Assignment 10: This Works Better Than The Last One, I Swear

Deadline: July 1st, 20:00

This week, we will take a closer look at Prototypical Networks, a method to perform so-called few-shot learning. Here, we only have a very small number of data points for a given class (usually single digits), but want to perform classification on new inputs of said class(es). As we have seen previously, our models tend to perform poorly with only few labeled inputs. Thus, few-shot learning is often a problem of “learning to learn”.

Model Architecture & Training

The basic idea of Prototypical Networks is quite simple. We are given a support set, which are a couple of labeled data points per class we are interested in. We are also given query points, which are data points we want to label.

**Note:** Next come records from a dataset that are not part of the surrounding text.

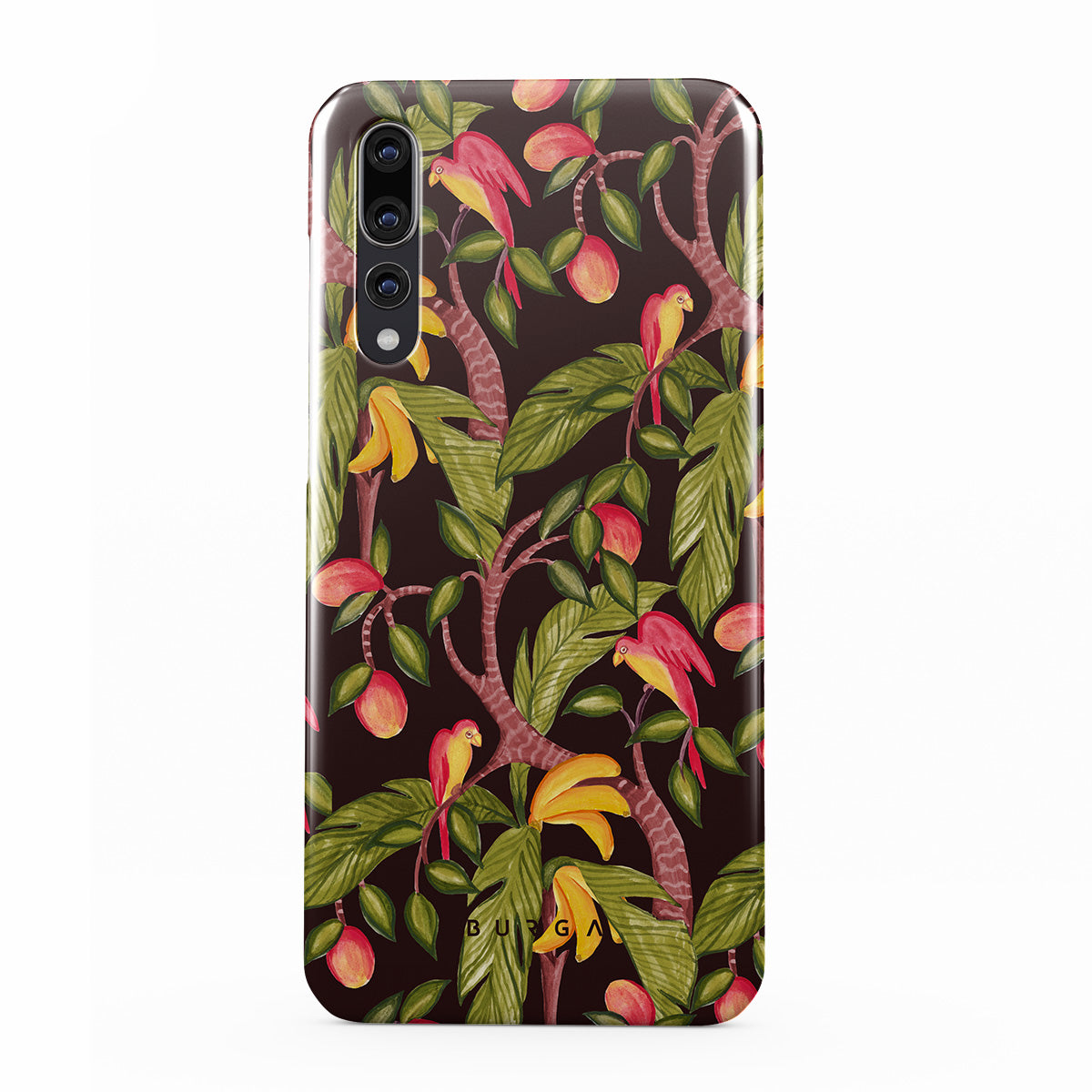 A lush botanical fantasy where ripe mangoes hang like forbidden fruit. Deep greens and juicy oranges pull you into a tropical escape. If this Huawei P20 phone case design had a voice, it would purr.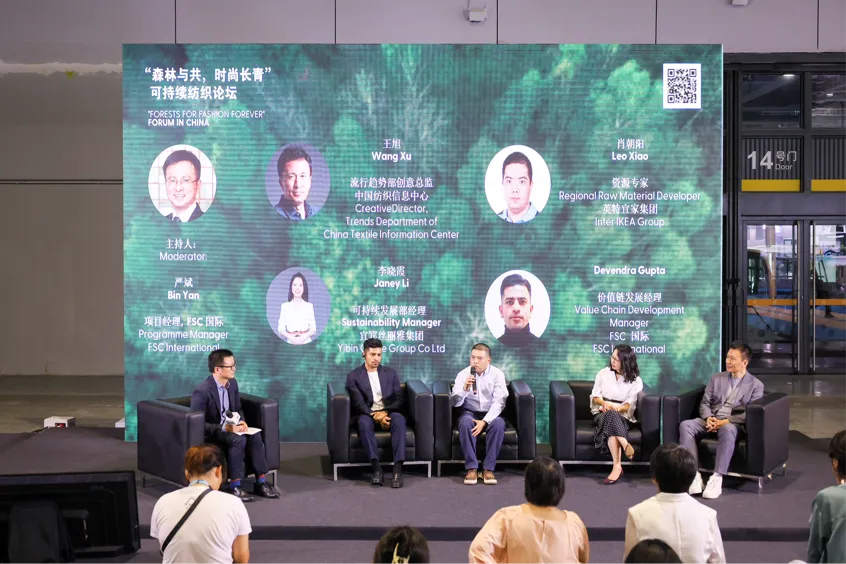 如何擴大林基纖維在紡織行業的應用范圍?如何在追求時尚的同時實現森林資源的可持續發展?如何通過推動紡織材料的循環利用及降低生產過程中的可持續影響?如何促進全產業鏈上下游伙伴合力提高行業“含綠量”?在先鋒對話環節,FSC國際項目經理嚴斌與中國紡織信息中心流行趨勢部創意總監王旭、宜賓絲麗雅集團有限公司可持續發展部經理李曉霞、英特宜家集團東亞區資源管理部門資源專家肖朝陽、FSC國際價值鏈發展經理Devendra Gupta等嘉賓分享最新研究成果和實踐經驗,激發創新思維,推動更多環保理念和技術在產業鏈各環節落地生花。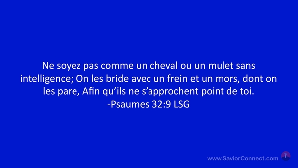 Ne soyez pas comme un cheval ou un mulet sans intelligence; On les bride avec un frein et un mors, dont on les pare, Afin qu'ils ne s'approchent point de toi. -Psaumes 32:9 LSG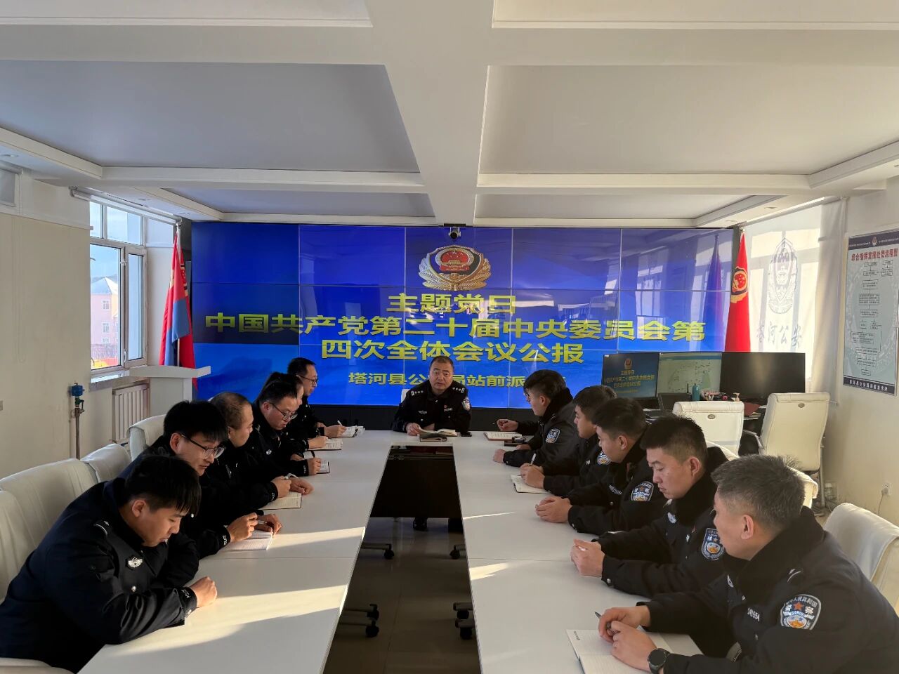 为深入学习贯彻党的二十届四中全会精神,以政治引领锤炼过硬公安队伍,以能力作风提升履职质效,近日,塔河县公安局站前派出所创新学习形式、丰富实践载体,通过“早会领学+实地研学+誓词砺学”三维联动模式,切实把学习成果转化为深化理论武装、守护辖区平安、服务人民群众的强大动力,推动党的二十届四中全会精神在基层公安一线落地生根。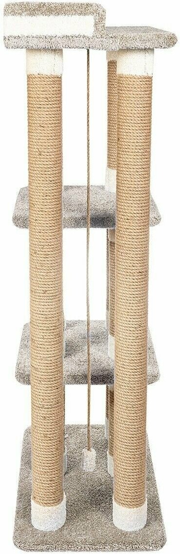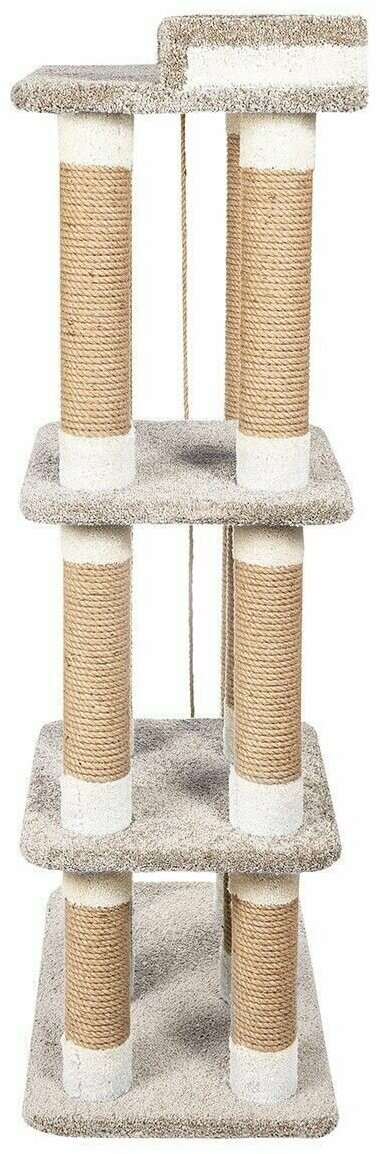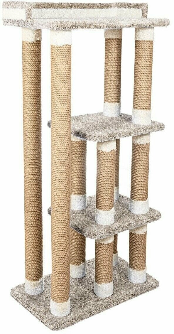 Высокий столбик диаметром 10 см с плотной обмоткой из джута, с лежанками из мягкого долговечного ковролина отлично подойдет как для взрослого крупного кота, так и для маленьких игривых котят. Изделие на подставке устойчивое и безопасное.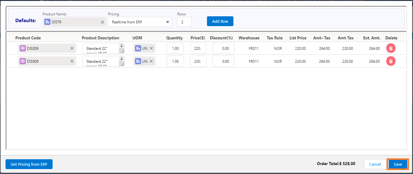 - Finally, clicking the Add Row Button you will be getting the below screen where you will have to select the seen Product line Item.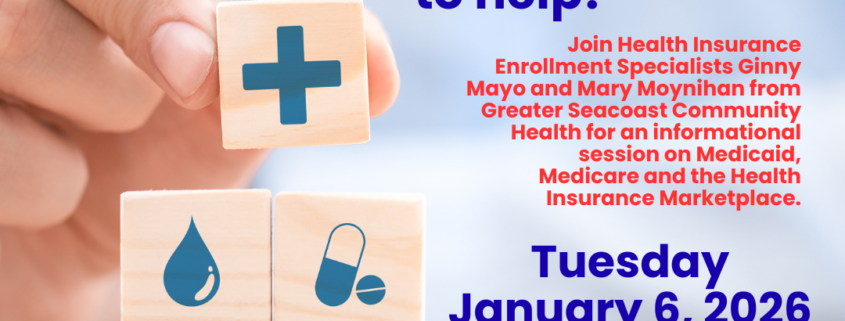 Join Health Insurance Enrollment Specialists Ginny Mayo and Mary Moynihan from Greater Seacoast Community Health for an informational session on Medicaid, Medicare and the Health Insurance Marketplace.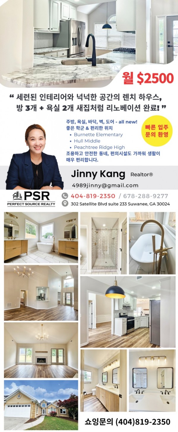 렌트 Suwanee / 레노베이션 완료, 방3+욕실2 / 렌치 하우스 (월 $2500)
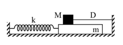 Cho cơ hệ như hình bên. Vật m khối lượng 100 g có thể chuyển động tịnh tiến, không ma sát trên mặt phẳng nằm ngang dọc theo trục lò xo có k = 40 N/m. Vật M khối lượng 300 g có thể trượt trên m với hệ số ma sát μ = 0,2. Ban đầu, giữ m đứng yên ở vị trí lò xo dãn 4,5 cm, dây D (mềm, nhẹ, không dãn) song song với trục lò xo. Biết M luôn ở trên m và mặt tiếp xúc giữa hai vật nằm ngang. Lấy g = 10 m/s2. Thả nhẹ cho m chuyển động. Tính từ lúc thả đến khi lò xo trở về trạng thái có chiềudài tự nhiên lần thứ 3 thì tốc độ trung bình của m là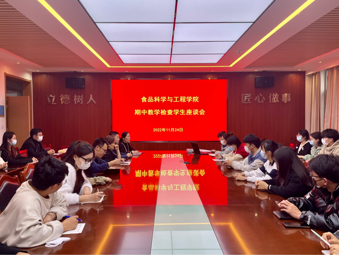 为进一步了解教学过程中存在的问题,加强学院教育教学管理,提升学院教学水平,11月24日,tyc234cc 太阳成集团召开期中教学检查学生座谈会。学院副院长肖军霞、食品专业负责人李鹏、辅导员李振荣、教学秘书徐碧媛、学院教师代表刘亮及学生代表参加座谈会,会议由肖军霞主持。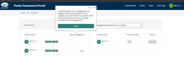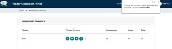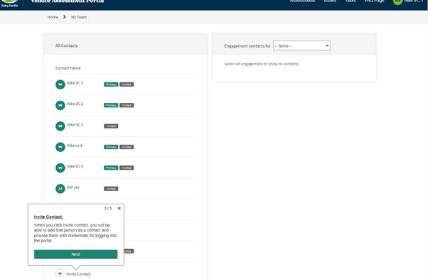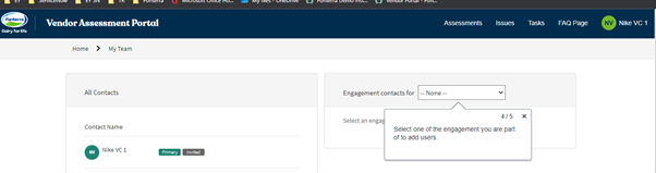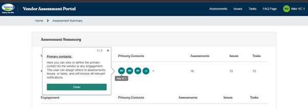 1. Primary contacts: Here you can view or define the primary contact for the vendor or any engagement. This user can assign others to assessments, issues, or tasks, and will receive all relevant notifications.

First, embed all points, which just means putting them through a neural network that returns a vector representation of arbitrary size.
Compute the average of all support embeddings per class. These averages are the prototypes.
Compute the distance between each query point and prototype.
Convert the distances to classification probabilities using Softmax.

As such, the neural network can be any suitable architecture we have seen so far. As we will be working on images again, a CNN makes sense. The only difference to our previous networks is that we do not have a classification layer at the end.

Training

Training proceeds in episodes, which really just means batches that are sorted in a specific way. For each batch, we:

Sample a number of classes. This is an optional step in case we have too many classes to fit into one episode. For example, if we have 100 classes in total, we only sample 20 or so per episode.
Sample a number of support points for each chosen class, as well as a number of query points.
Compute prototypes and classification outputs as noted above.
Compute the cross-entropy loss between the outputs and the “labels” – each query point should be classified to the prototype of the same class!

Your Task

On E-Learning, you can find a starter notebook for Prototypical Networks for CIFAR100. Like so often, the data processing is the hardest/most involved part here, and this has already been done for you. See the notebook for explanations of what is being done, and why. We basically have to split the dataset

Your first task is then to implement the missing pieces of the architecture and training. These are marked by ??? in the notebook and should be pretty obvious, as your code won’t run without them. Try at least two choices (i.e. you could use the Euclidean distance already given, and compare it to another) for the distance function and compare the results! Some possibilities are (there are of course others):

Euclidean distance
Squared euclidean distance (this one is recommended by the original paper)
Absolute distance
Cosine distance
Negative dot product

For reference, we got around 60% validation accuracy with a Resnet architecture with 32-dimensional embeddings and Euclidean distance. n_support = 5, n_query=10. Just training the same architecture on the full CIFAR100 dataset got to around 67% accuracy. This means we can get pretty close with our few-shot approach!

6 CP Extra

You likely mapped the images to rather high-dimensional embeddings. Many distance functions have unexpected behavior in high-dimensional space, which can lead to poor performance. Experiment with different embedding sizes, i.e. the output size of the final linear layer. You can try this in fairly large steps so that you don’t have to train too many models. For example, you could try 32, 128 or 512 dimensional embeddings – or even larger ones! It’s okay to stick with just one distance function here to keep it simple. Report your findings.

Bonus

If you want, you could even pair different embedding sizes and distance functions to see whether some functions are more robust to changes in embedding size than another, but this significantly increases the number of models you would have to train, so this is left as an optional task.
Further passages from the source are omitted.